▸ Work item
Write the listing out again word for word, leaving each picture behind.

▸ Recorded information
*****

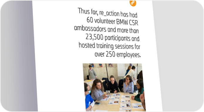 27 Thus far, re_action has had 60 volunteer BMW CSR ambassadors and more than 23,500 participants and hosted training sessions for over 250 employees. BMW Group France has been supporting the re_action programme run by the social and environmental advocacy organisation since 2022.
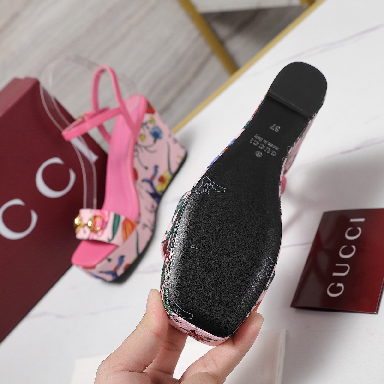 GG WEDGE HEEL SANDALS 100 IN PINK FABRIC FLORAL PRINT
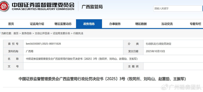 2025年10月13日,广西监管局对为新智认知出具2019年至2021年年度财务报表的中介机构致同所作出处罚。
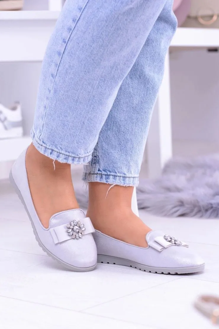 Damskie Boto Srebrne Damskie Baleriny Lordsy Cyrkonie Rumi

*****

▸ Result below
 27 Thus far, re_action has had 60 volunteer BMW CSR ambassadors and more than 23,500 participants and hosted training sessions for over 250 employees. BMW Group France has been supporting the re_action programme run by the social and environmental advocacy organisation since 2022.
 GG WEDGE HEEL SANDALS 100 IN PINK FABRIC FLORAL PRINT
 2025年10月13日,广西监管局对为新智认知出具2019年至2021年年度财务报表的中介机构致同所作出处罚。
 Damskie Boto Srebrne Damskie Baleriny Lordsy Cyrkonie Rumi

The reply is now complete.